The directors also see a big opportunity in eMobility (electric bikes, mobility scooters, golf trolleys and e-scooters), a segment that increased revenue 56 per cent to £7mn (17 per cent of annual revenue) in 2021. In home and gardens, better marketing of Tandem’s own websites (25 per cent of divisional sales of £7.2mn) has reduced reliance on third-party websites, is enhancing margins and should lead to higher trading activity as the weather improves.

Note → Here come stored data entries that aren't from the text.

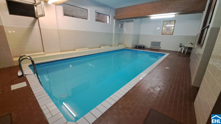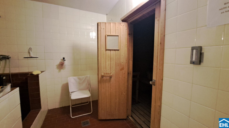 Parkett, Fliesen, Öl, Zentralheizung, Personenaufzug, Südbalkon, Bad mit Fenster, Dusche, Garage, Sauna, Swimmingpool
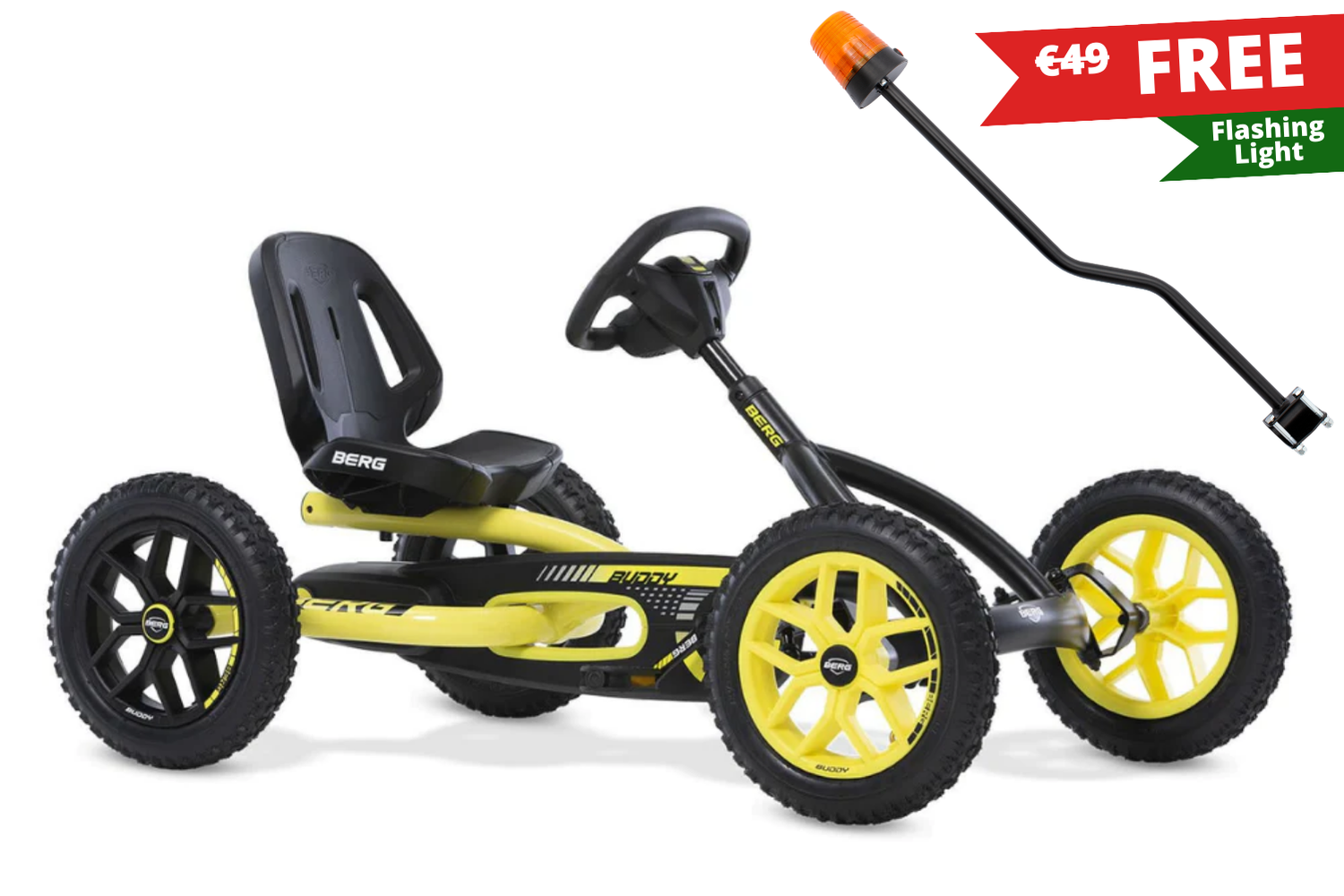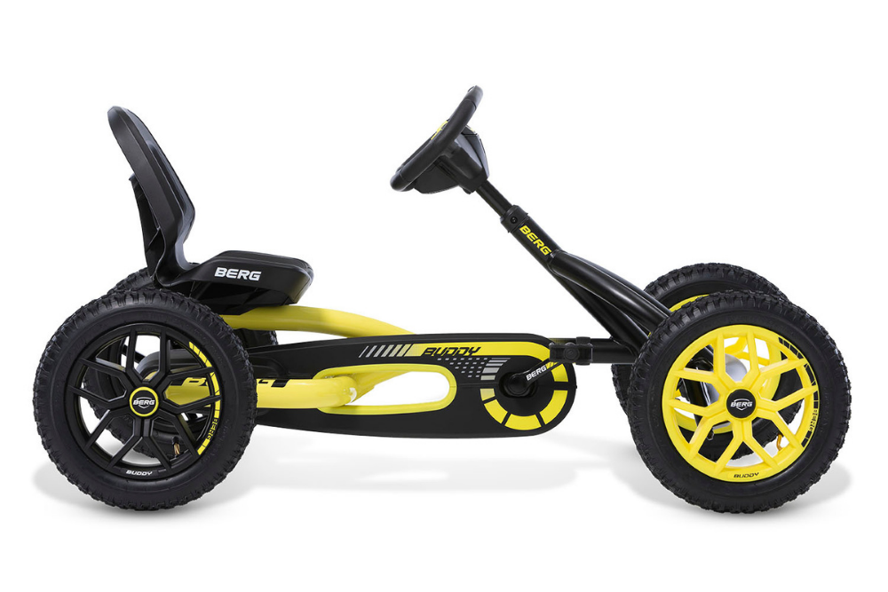 One of Berg's best-loved models, the Buddy, has been through a major upgrade. This model has been completely retuned and the design has been thoroughly worked over: beautiful rims and new tyres. A bucket seat which is even more comfortable, and great handlebars with maximum grip, all set up ready for the BERG Soundbox. In brief, with the Buddy you drive tough and are definitely the fastest on the street. One of the Buddy’s best features is the BFR system. Suppose you are going very fast, you can suddenly brake using your pedals and start going backwards immediately. This makes your driving style fast, flexible and ever safe. At any rate, the direct drive makes pedalling light and smooth.
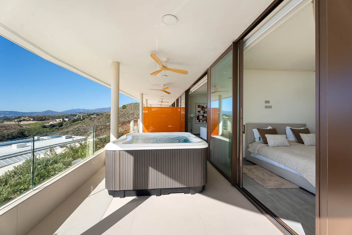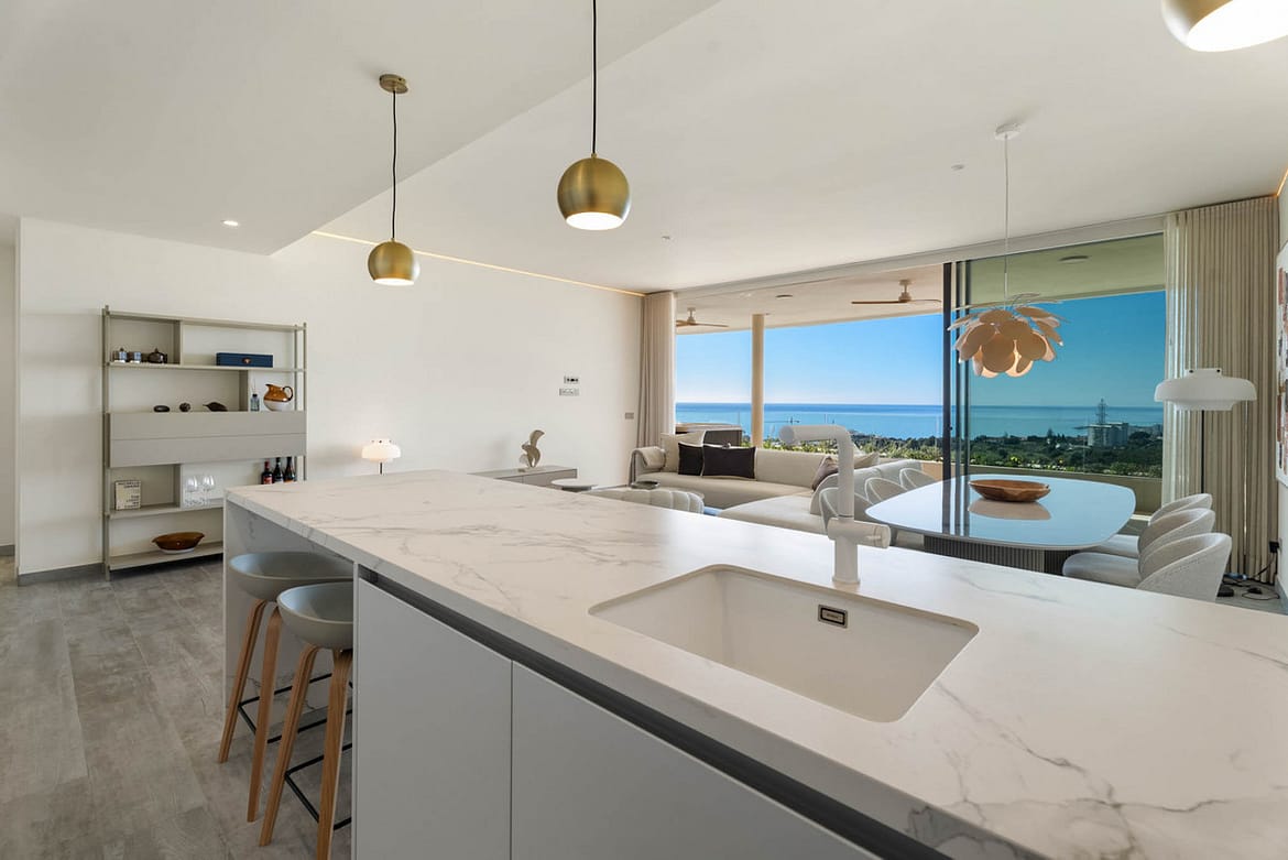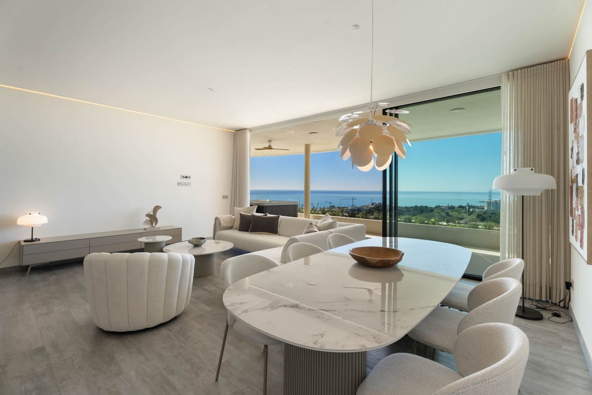 Situaded within a secure residential enclave in El Higuerón, this brand-new three-bedroom corner apartment offers refined contemporary living with open sea and valley views.

Admittedly, the consumer backdrop has deteriorated since I last commented (‘Tandem’s value opportunity’, 1 February 2021), as inflationary and energy price pressures make consumers more cautious. However, Tandem is still highly profitable, cash generative, boasts a heavily property-backed balance sheet and should retain net cash of £1.3mn even after factoring in its Birmingham warehouse expansion (completion in final quarter of 2022).

Following the post results markdown, Tandem’s shares trade on price-to-book value parity and a forward price/earnings (PE) ratio of seven that is half the rating of other consumer-facing competitors such as toy distributor Character (CCT). The bad news is priced in. Recovery buy.